The PECVD treatment of polypropylene using maleic anhydride as a solid monomer (that becomes a gas under high vacuum and high electric power) is intended to graft the maleic anhydride on the surface of polypropylene, thereby producing carboxylic acids after hydrolysis. One possible reaction starts with the formation of highly reactive radicals in the surface of polypropylene7, that subsequently react with one of the arene carbons of the maleic anhydride aromatic ring to form a stable covalent bond, and then the anhydride is opened by hydrolysis, to generate two highly hydrophilic and negatively charged carboxylic acids groups (Figure 1a).
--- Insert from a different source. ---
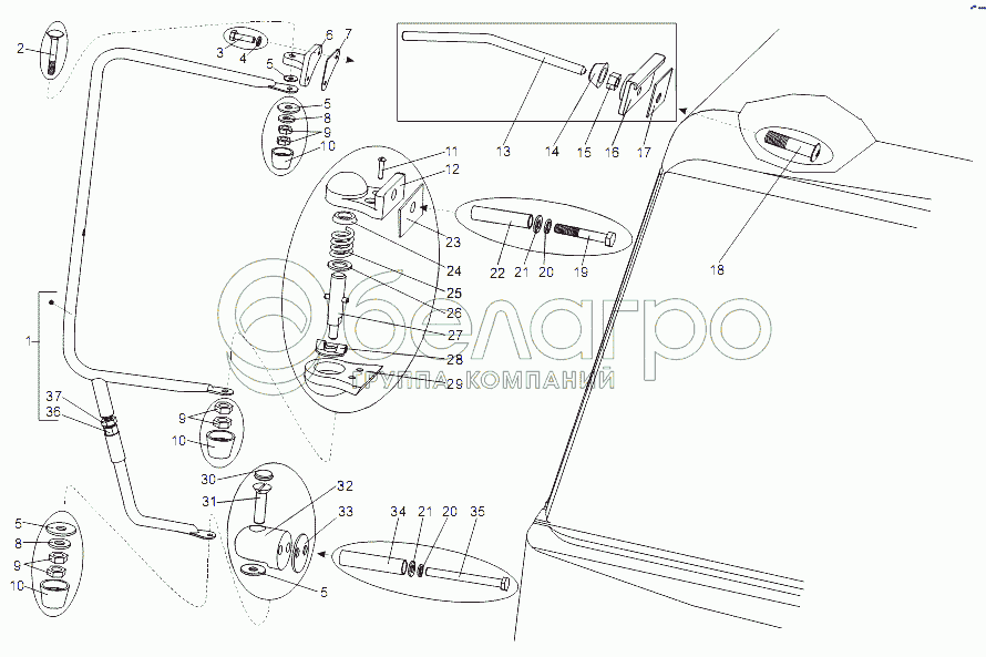 Каталог запасных частей к технике: МЗКТ-75165. Установка держателей зеркал

Figure 1. Maleic anhydride- PECVD treatment of polypropylene meshes.

Figure 1

a) Proposed PECVD reaction schematics of carboxylic acid grafting using maleic anhydride as monomer. b) XPS and c) ATR-FTIR spectra of pristine (black), MA plasma-treated (blue) and LbL coated/MA plasma-treated meshes (red). d) Contact angle measurements of pristine and MA plasma-treated meshes. The graph shows the mean ± SEM and points represent each sample measurement. Statistical significance as (**) p < 0.01, using a two-tailed unpaired t-test. e) Images of 1 cm2 pieces of pristine (top), MA plasma-treated (middle) and LbL coated/MA plasma-treated (bottom) polypropylene meshes stained with alcian blue, to reveal the presence of the LbL coating components (blue color).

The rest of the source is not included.